Addition and multiplication tables for the binary field mod
\(x^4 + x + 1\). Field elements are
expressed as integers converted from binary (eg. \(x^3 + x^2 \rightarrow 1100 \rightarrow
12\))
Binary fields are interesting for two reasons. First of all, if you want
to erasure-code binary data, then binary fields are really convenient
because \(N\) bytes of data can be
directly encoded as a binary field element, and any binary field
elements that you generate by performing computations on it will also be
\(N\) bytes long. You cannot do this
with prime fields because prime fields' size is not exactly a power of
two; for example, you could encode every \(2\) bytes as a number from \(0...65536\) in the prime field modulo \(65537\) (which is prime), but if you do an
FFT on these values, then the output could contain \(65536\), which cannot be expressed in two
bytes. Second, the fact that addition and subtraction become the same
operation, and \(1 + 1 = 0\), create
some "structure" which leads to some very interesting consequences. One
particularly interesting, and useful, oddity of binary fields is the
"freshman's
dream" theorem: \((x+y)^2 = x^2 +
y^2\) (and the same for exponents \(4,
8, 16...\) basically any power of two).
But if you want to use binary fields for erasure coding, and do so
efficiently, then you need to be able to do Fast Fourier transforms over
binary fields. But then there is a problem: in a binary field, there
are no (nontrivial) multiplicative groups of order \(2^n\). This is because the
multiplicative groups are all order \(2^n\)-1. For example, in the binary field
with modulus \(x^4 + x + 1\), if you
start calculating successive powers of \(x+1\), you cycle back to \(1\) after \(\it
15\) steps - not \(16\).
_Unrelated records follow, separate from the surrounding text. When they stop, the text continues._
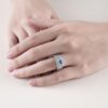 Phần thân nhẫn được thiết kế cầu kỳ với các dải kim cương đính nối tinh xảo hai bên, tạo cảm giác đầy đặn, sang trọng và khác biệt.
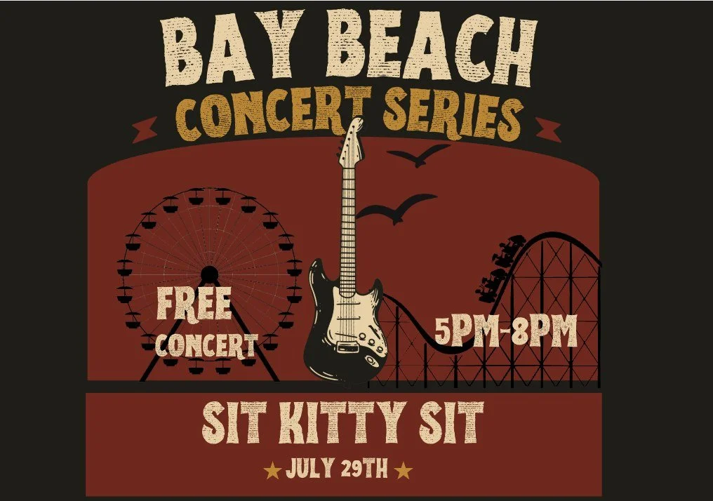 Sit Kitty Sit and cold beers on July 29. Join us 5PM to 8PM at Bay Beach Amusement Park!
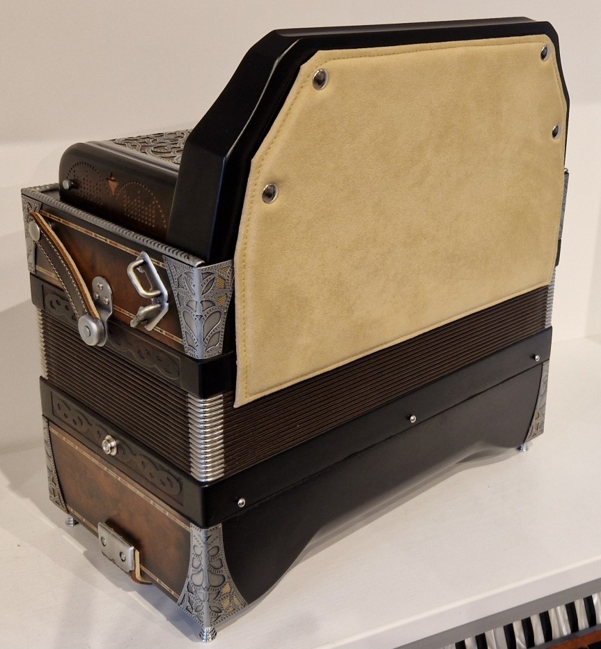 Sehr edle Optik & sehr hochwertige Verarbeitung zeichnen dieses Instrument aus. A-Mano Stimmplatte sorgen für minimalen Luftverbrauch und eine wunderbare Ansprache. Die Bassseite ist mit 8 zweichörigen Bässen ausgestattet.
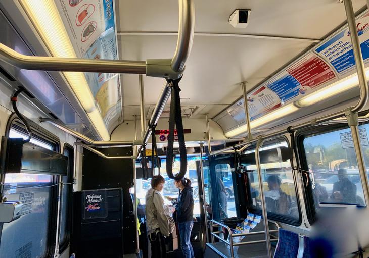 運転席側から運賃を払う、クリッパーカード利用も可能。 そしてその時、バス路線地図のパンフレットがドアの脇にあるので14番をもらっておくことを忘れずに。 本数が少ないので時間の確認はしておきたい。
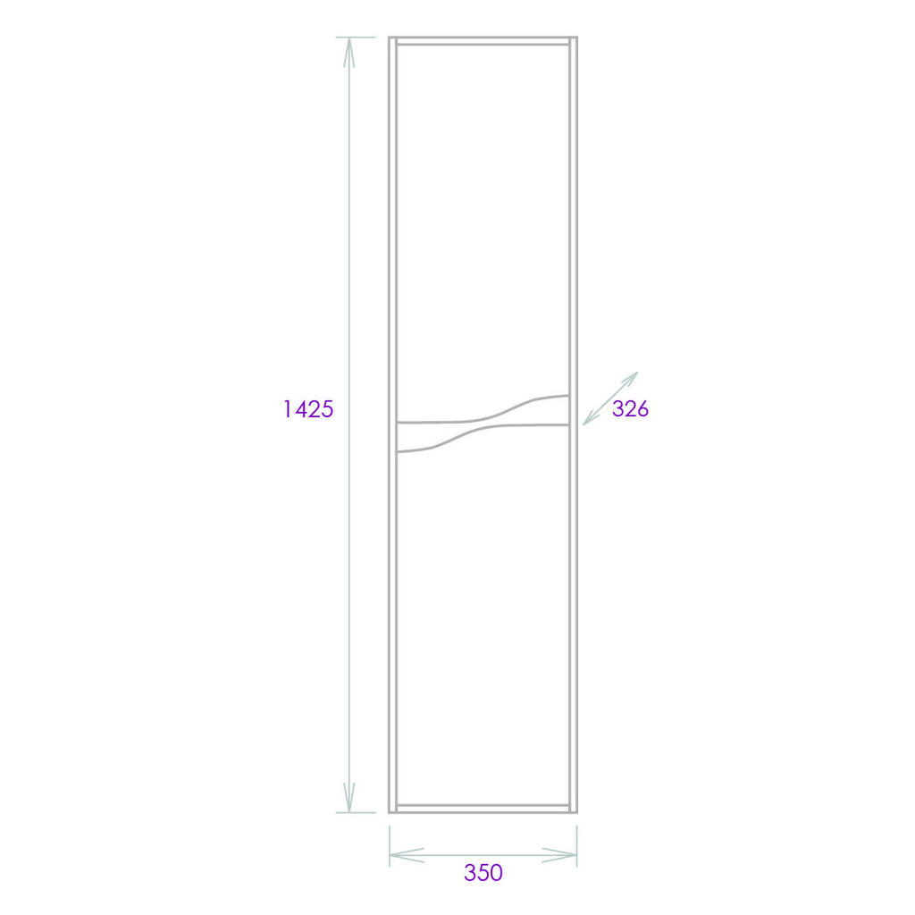 Внутреннее пространство пенала поделено полками на 5 секций разной высоты, что позволяет удобно разместить все необходимые мелочи. Двери снабжены механизмом плавного закрывания. Ручки, изящно интегрированные в фасады, позволяют сделать эксплуатацию мебели более удобной и практичной.
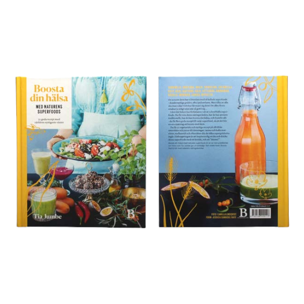 Boosta Din Hälsa Med Naturens Superfood. En fin bok som är vackert illustrerad och innehåller 51 recept kombinerat med information om näring, råvaror att använda, samt förklaringar varför det är bra.
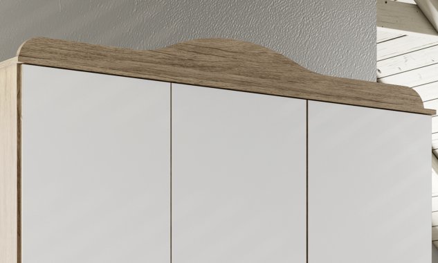 Ele também conta com um chapéu ao estilo provençal. Para aqueles que não sabem, o chapéu é aquela parte de madeira que vem em algumas peças e que ajuda a esconder itens que colocamos em cima do roupeiro como caixas.
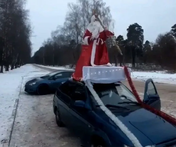 Инцидент произошел 30 декабря. Дед Мороз с крыши машины поздравлял клинчан с наступающим Новым годом.
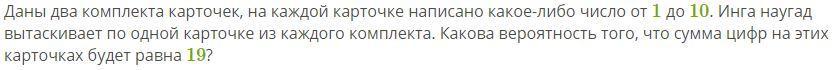 Вероятность выпадения девятки в первом комплекте также равна 0,1, при том, что вероятность выпадения десятки во втором те же 0,1. Вместе 0,01.
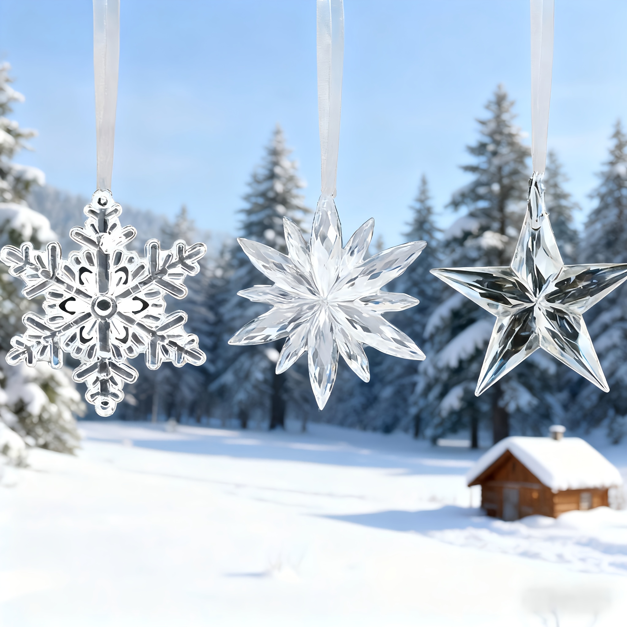 TEMU 2D 평면, 15개 크리스마스 트리 눈꽃 장식, 3D 디자인 아크릴 소재. 크리스마스, 할로윈 및 기타 휴일 장식에 완벽, 다양한 장면 DIY 액세서리, 끈 포함, 전기 필요 없음, 매년 재사용 가능

The
reason is that the total number of elements in the field is \(16\), but one of them is zero, and you're
never going to reach zero by multiplying any nonzero value by itself in
a field, so the powers of \(x+1\) cycle
through every element but zero, so the cycle length is \(15\), not \(16\). So what do we do?
The reason we needed the domain to have the "structure" of a
multiplicative group with \(2^n\)
elements before is that we needed to reduce the size of the domain by a
factor of two by squaring each number in it: the domain \([1, 85, 148, 111, 336, 252, 189, 226]\)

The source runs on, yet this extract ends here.